YOUR TASK :: Return the data below unaltered, but strip out the pictures.

──────── GIVEN DATA ────────

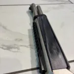 Morrison mares leg with threaded barrel, laminate grey wood finish with a picatinny rail built in for optics.
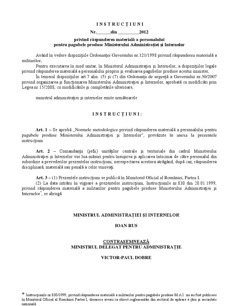 Http Www Sindunipol Ro Wp Content Uploads 2012 05 Instructiuni Nr 114 Din 2013 Instructiunile Nr 114 Din 2013 Privind Raspunderea Materiala A Personalului Pentru Pagubele Produse Ministerului Afacerilor Interne Pdf
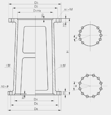 注:WJ型、DJ型、DXJ型-30A/B、35A、40B、45A四种机架底面为Ⅰ型和Ⅱ型(Ⅰ型不须标柱,Ⅱ型须在型号后面注Ⅱ、Ⅱ型a°=30°,n2-φ为12-14)其余机架为Ⅱ型(不须标注)
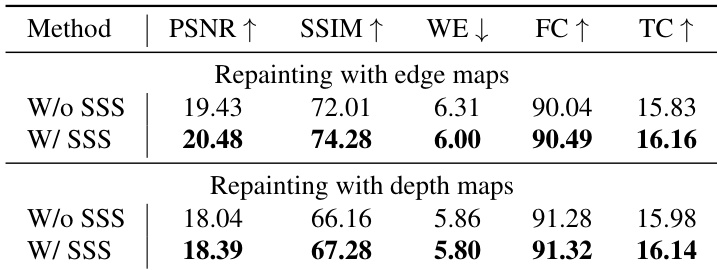 - Demonstrated generalization to edge maps and depth maps: SSS significantly improved performance with edge maps due to high-contrast transitions, but offered marginal gains with smoother depth maps.

────────

RESULT BELOW ::
 Morrison mares leg with threaded barrel, laminate grey wood finish with a picatinny rail built in for optics.
 Http Www Sindunipol Ro Wp Content Uploads 2012 05 Instructiuni Nr 114 Din 2013 Instructiunile Nr 114 Din 2013 Privind Raspunderea Materiala A Personalului Pentru Pagubele Produse Ministerului Afacerilor Interne Pdf
 注:WJ型、DJ型、DXJ型-30A/B、35A、40B、45A四种机架底面为Ⅰ型和Ⅱ型(Ⅰ型不须标柱,Ⅱ型须在型号后面注Ⅱ、Ⅱ型a°=30°,n2-φ为12-14)其余机架为Ⅱ型(不须标注)
 - Demonstrated generalization to edge maps and depth maps: SSS significantly improved performance with edge maps due to high-contrast transitions, but offered marginal gains with smoother depth maps.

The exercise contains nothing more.